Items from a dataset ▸
───

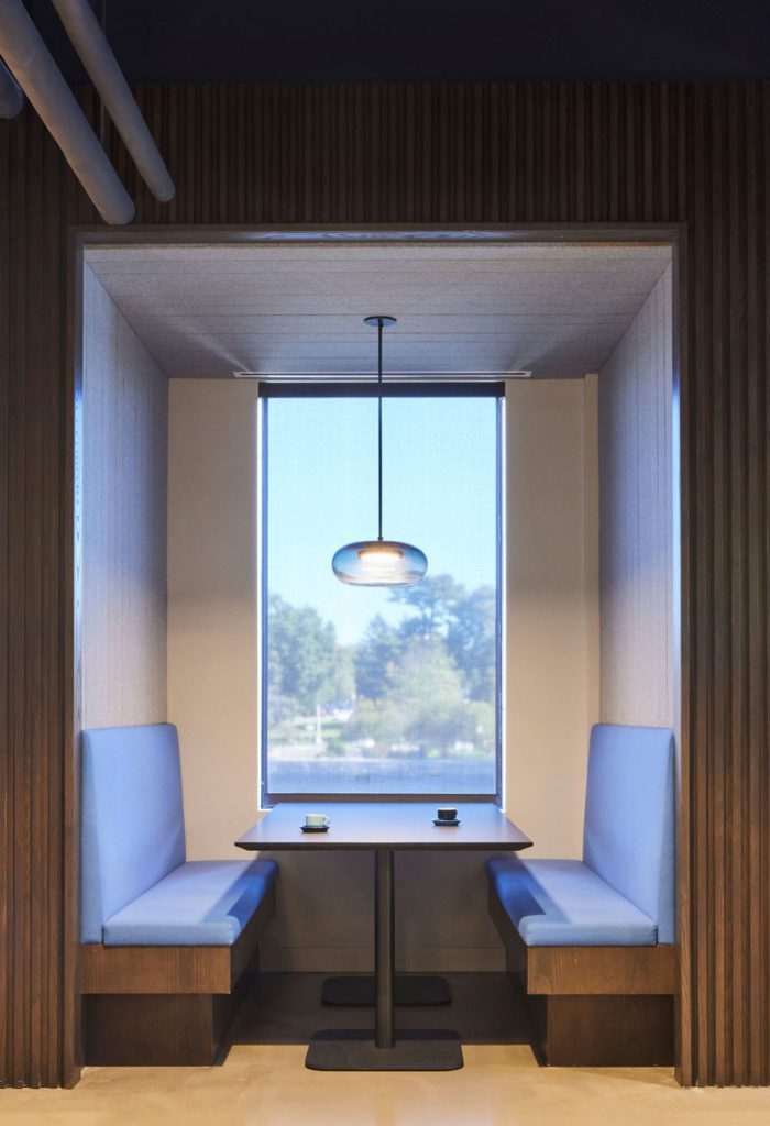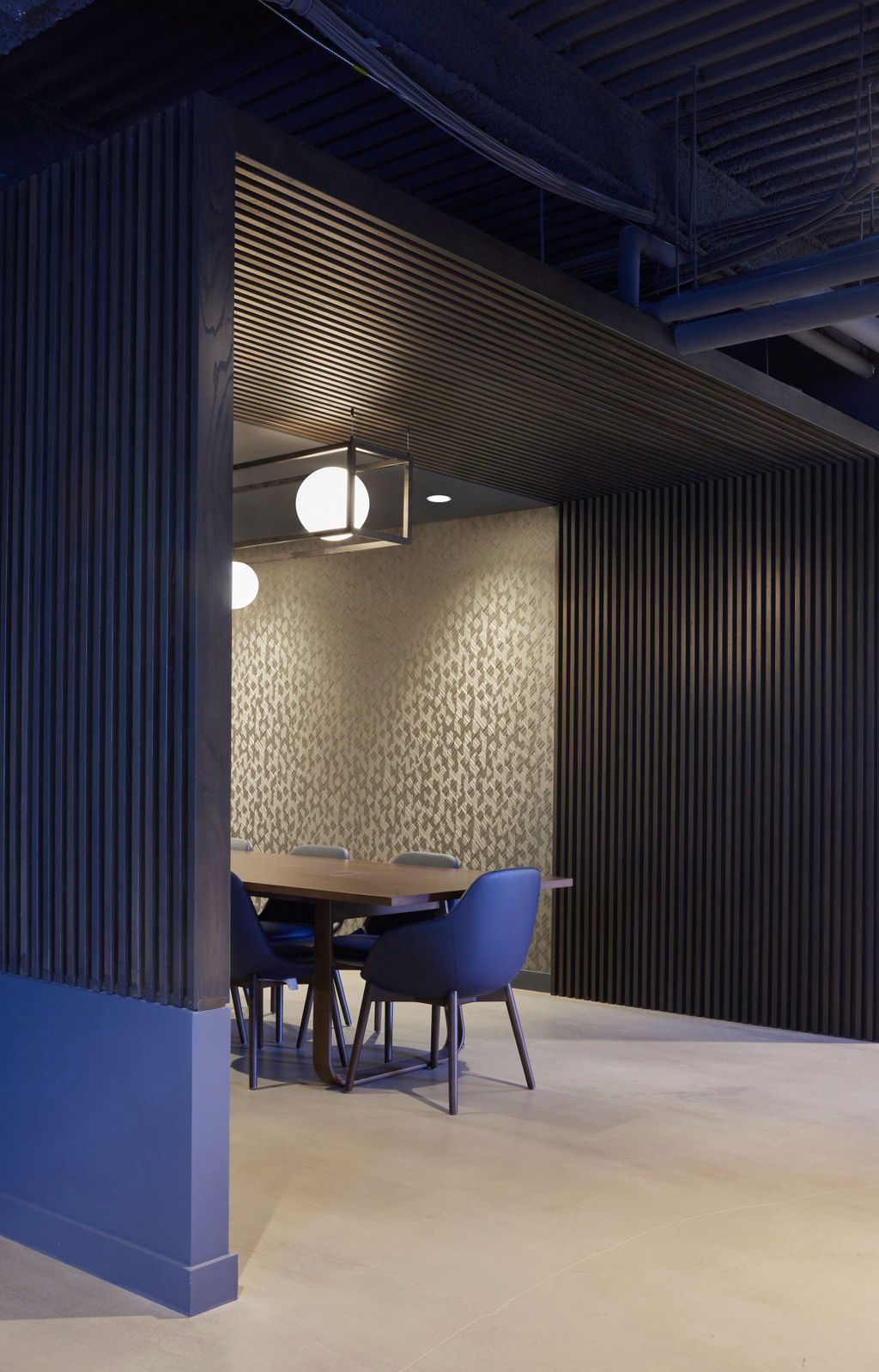 As one of the largest importers/exporters of refined sugar to and from North America, CSC Sugar was looking to renovate 10,000 square feet of space on the Saugatuck River in Westport, CT. Built in 2022, our design intention was modern, industrial black metal meets rich, dark wood. CSC’s wish list included the energetic vibe of a game room and fitness center, and of course, coffee! A well-appointed coffee bar was a priority, complete with built-in banquettes for enjoying the one-of-a-kind river views. A new balcony addition, right off the open pantry, is near completion – it features a folding glass wall that opens up to views of the Saugatuck River.
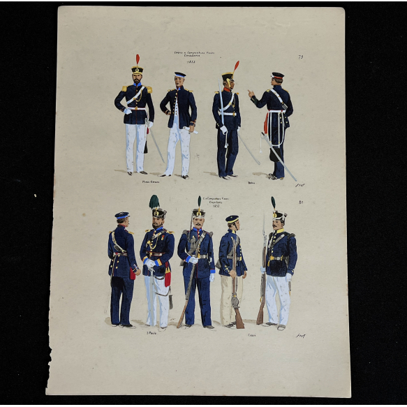 EspañolJOSÉ WASTH RODRIGUES (São Paulo, 1891 - Rio de Janeiro, 1957) 32x23 cm. Aquareladas à mão ESTAMPA N. 79 — CORPOS E COMPANHIAS FIXOS: Cavalaria - 1852: Capitão em grande uniforme (Corpo de Minas Geraes); Alferes em grande uniforme (Corpo de Minas Geraes; Soldado em grande uniforme (Corpo da Bahia): Sargento em pequeno uniforme (Corpo da Bahia). ESTAMPA N. 80 — CORPOS E COMPANHIAS FIXOS: Caçadores — 1852: Alferes, pequeno uniforme (S. Paulo) ; Tenente-Coronel, grande uniforme (Idem) ; Soldado, grande uniforme (Idem) ; Soldado, pequeno uniforme (Ceará) ; Soldado, grande uniforme (Idem). Impresso em Paris, ano 1922:A. FERROUD. - F. FERROUD, Succ. 127, Boulevard Saint German, 127. Um exaustivo e valoroso trabalho consagrado como um dos maiores clássicos relacionados ao tema. Raríssima obra da qual foram editadas apenas 500 unidades e aquareladas à mão. A Coleção Iconográfica Uniformes Militares compõe o Arquivo Histórico do Museu Histórico Nacional. O pintor José Wasth Rodrigues foi um grande historiador e estudioso da arquitetura colonial no Brasil. Seus estudos do início do século 20 foram incorporados ao livro “Documentário Arquitetônico”, no qual o autor se dedica à complexidade do patrimônio nacional. Publicado pela primeira vez em 1940, o estudo reúne uma série de elementos que podem ser vistos também nas obras do acervo do Museu do Ipiranga.
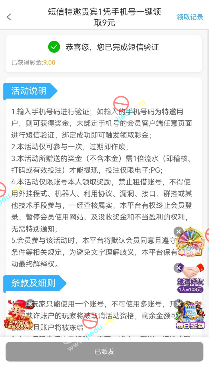到账情况: 白嫖即可(勿充值)
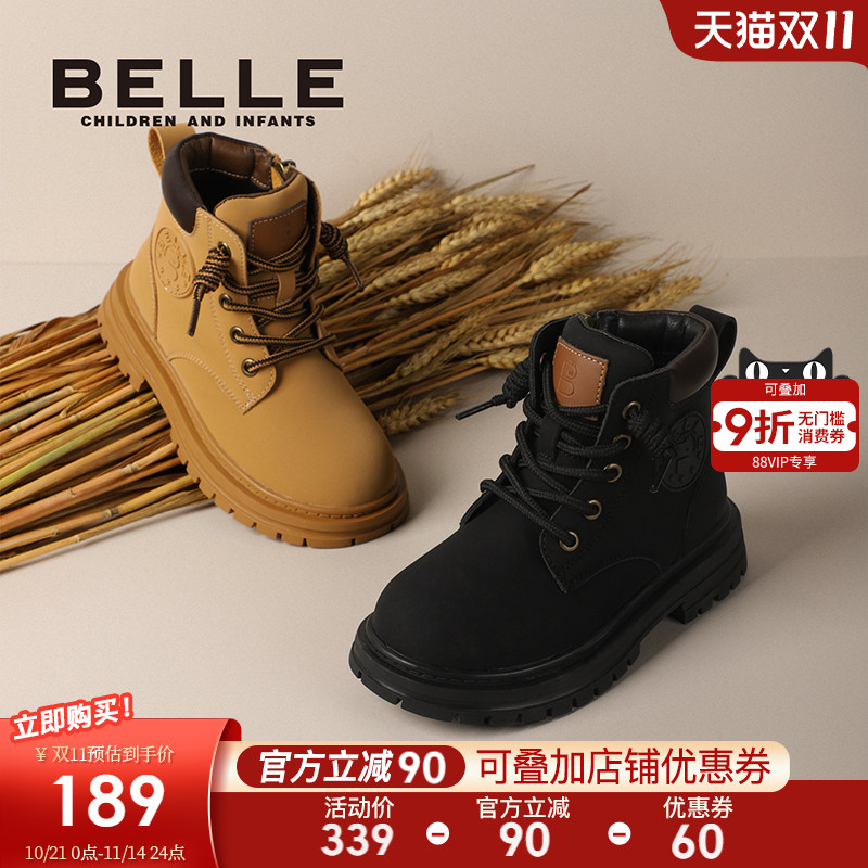 百丽童鞋儿童马丁靴2025新款秋季户外大黄靴男童工装靴宝宝短靴子
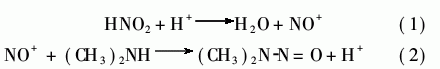 亞硝化作用是指在亞硝酸鹽的酸化過程中產生亞硝酰陽離子或類似的含氮化合物(如N2O3),然后該亞硝酰陽離子與胺(如二甲胺(DMA))發(fā)生反應生成NDMA (見式(1)和式(2))。
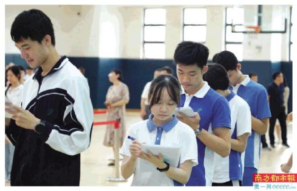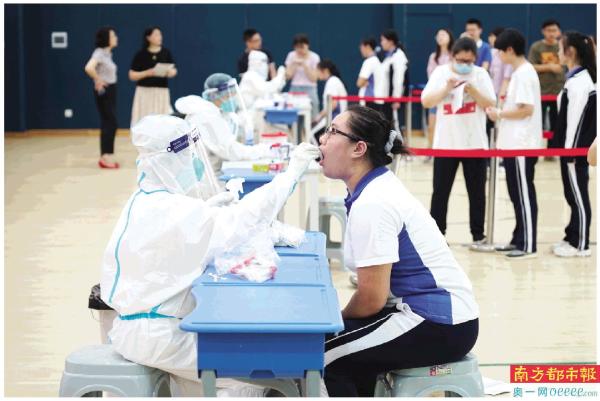 6月3日,南山外国语学校(集团)高级中学内,高三学生拿着书本等候进行核酸检测。南都记者 霍健斌 摄
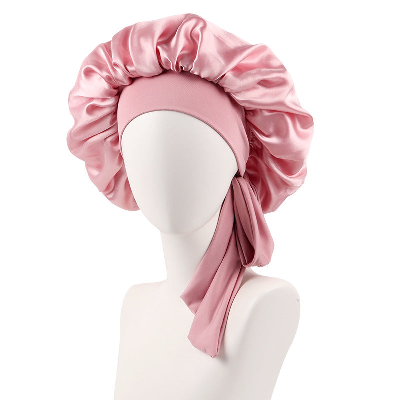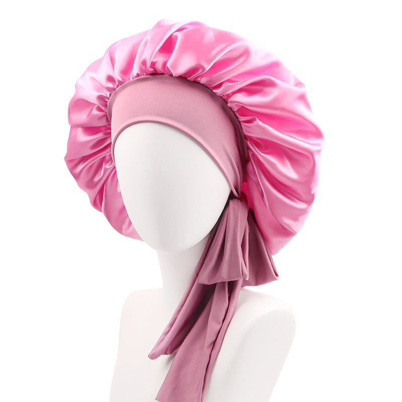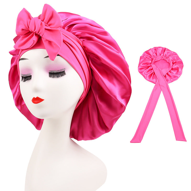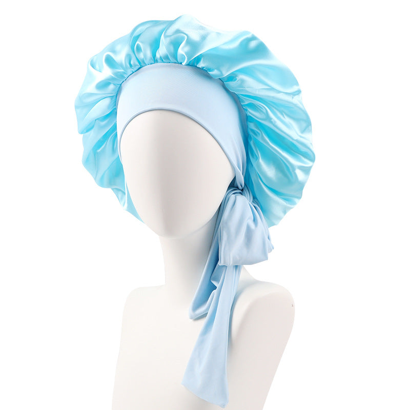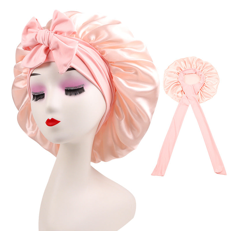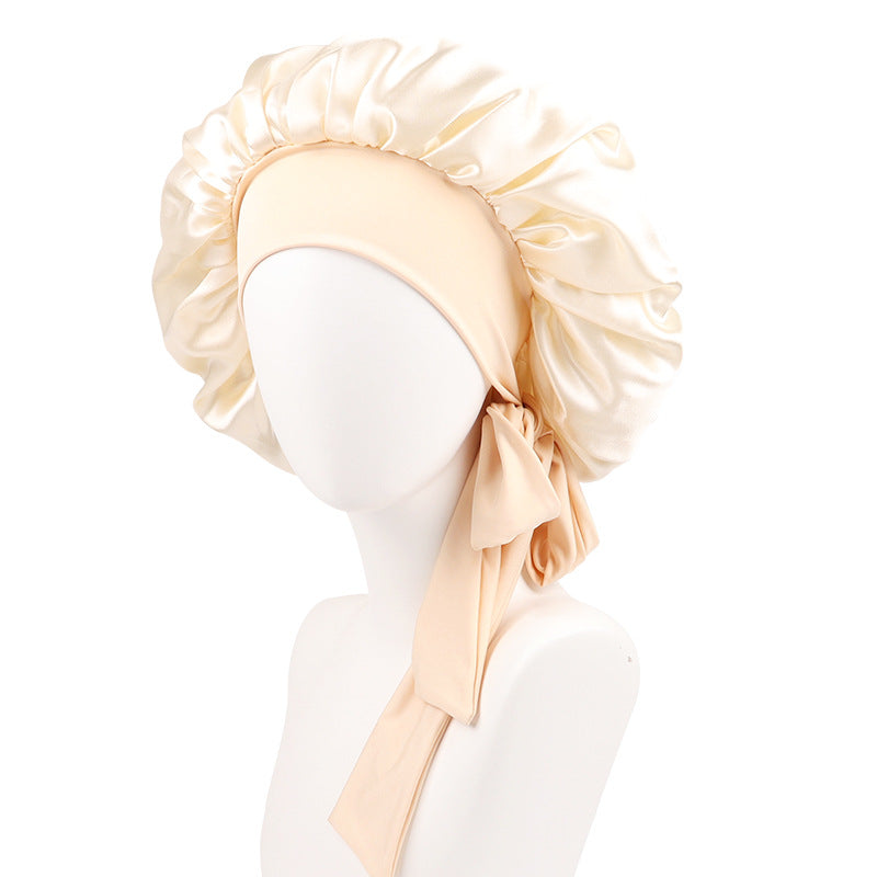 Solid Hue Women's Long Hair Satin Sleep Makeup Cap Elastic Ribbon Knotted Design
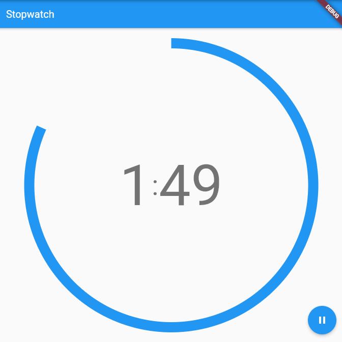 Bởi vì Flutter có rất nhiều widget hấp dẫn về mặt hình ảnh, chúng ta có thể đạt được nhiều kết quả mà ta mong muốn. Ví dụ, Flutter cung cấp một CircularProgressIndicator. Widget này cho phép chúng ta hiển thị tiến trình hoạt động trong một vòng tròn. Một widget khác, được gọi là Stack, cho phép chúng ta xếp chồng các widget lên nhau. Vì vậy, bằng cách sử dụng hai widget này, chúng ta có thể hiển thị tiến trình của đồng hồ bấm giờ và cũng thêm một số nét tinh tế bằng cách hiển thị chúng ta đi được bao xa qua từng phút với CircularProgressIndicator ở bên ngoài. Như thế này:
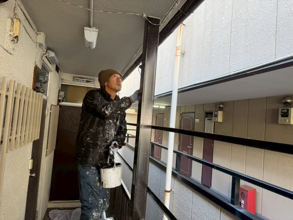 中野区の鉄骨階段塗装工事の続きです。
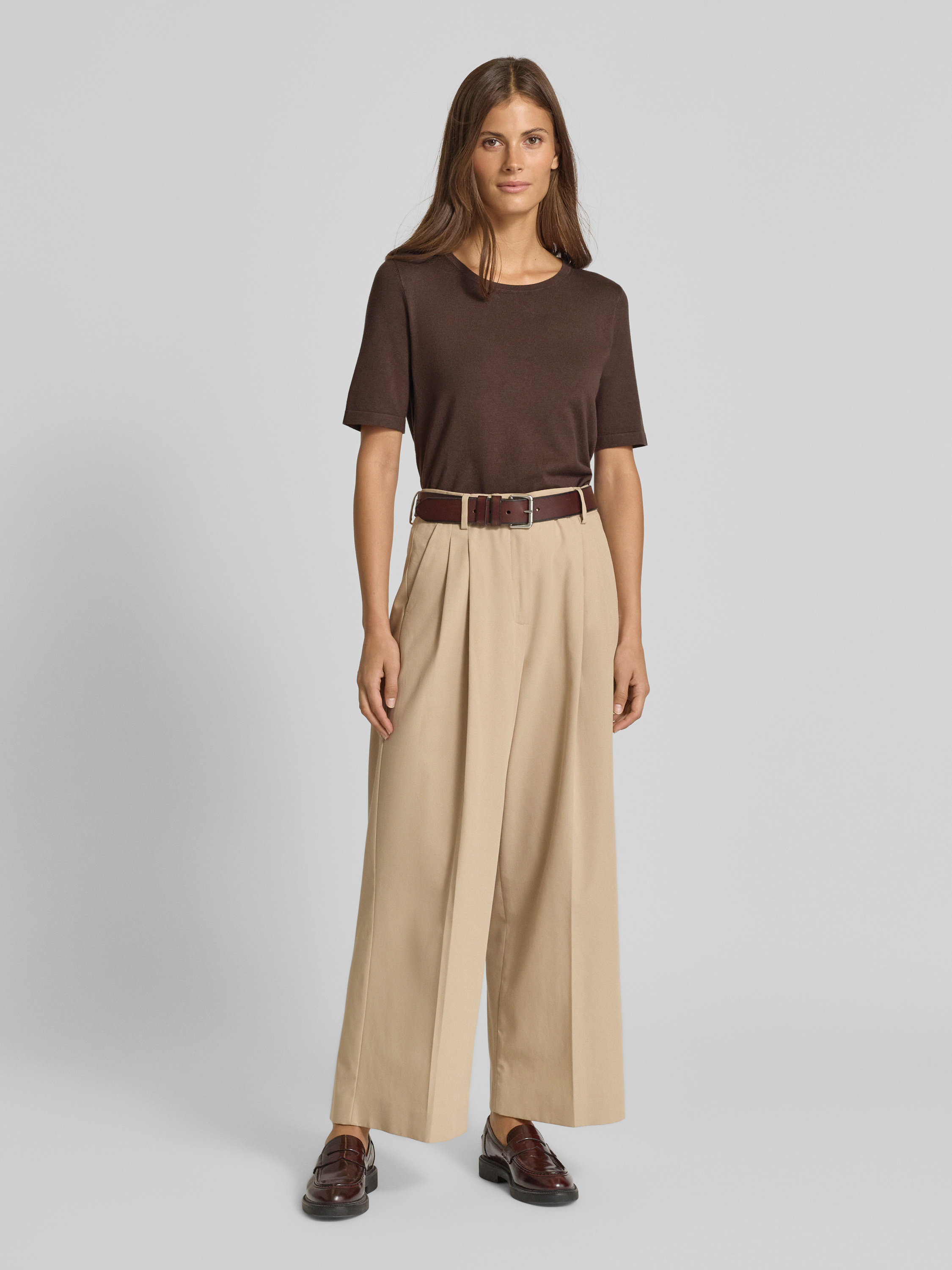 Spodnie z zakładkami w pasie z szeroką nogawką z czystej bawełny model ‘VETTURA’
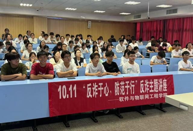 10月11日下午14时30分,为提升新生的反诈意识与风险防范能力,江西财经大学软件与物联网工程学院纪保部在第三教学楼3105教室组织举办了反诈知识宣传讲座。本次讲座特别邀请南昌市公安局杨心怡警官担任主讲人,2025级新生参与讲座。
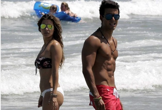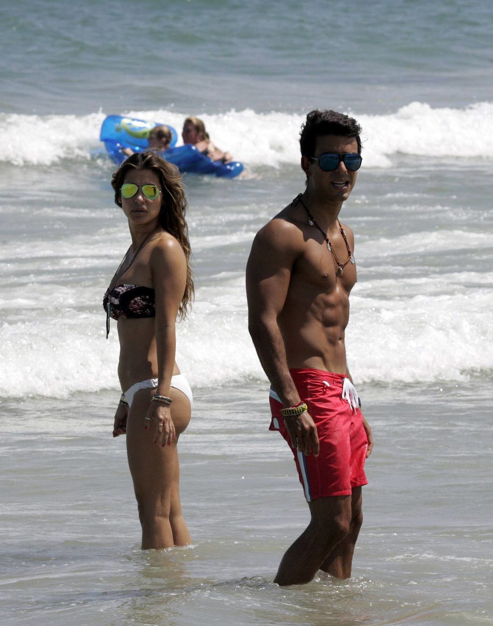 Tanto él como ella demostraron que tienen sus cuerpos moldeados a base de gimnasio y dieta. Tablada lució su estupenda figura con un bikini mezclado de braga blanca y la parte de arriba con dibujos en marrón y un cuerno azul. La diseñadora se mostró aún menos atrevida y no pasó de las rodillas en su baño.

───

INSTRUCTIONS FOR THE TASK ▸ No pictures should appear in the answer, which is to be the lines from the line with "10月11日下午14时30分" through the end of the records above, restated exactly.

RESPONSE FOR THIS EXERCISE ▸
 10月11日下午14时30分,为提升新生的反诈意识与风险防范能力,江西财经大学软件与物联网工程学院纪保部在第三教学楼3105教室组织举办了反诈知识宣传讲座。本次讲座特别邀请南昌市公安局杨心怡警官担任主讲人,2025级新生参与讲座。
 Tanto él como ella demostraron que tienen sus cuerpos moldeados a base de gimnasio y dieta. Tablada lució su estupenda figura con un bikini mezclado de braga blanca y la parte de arriba con dibujos en marrón y un cuerno azul. La diseñadora se mostró aún menos atrevida y no pasó de las rodillas en su baño.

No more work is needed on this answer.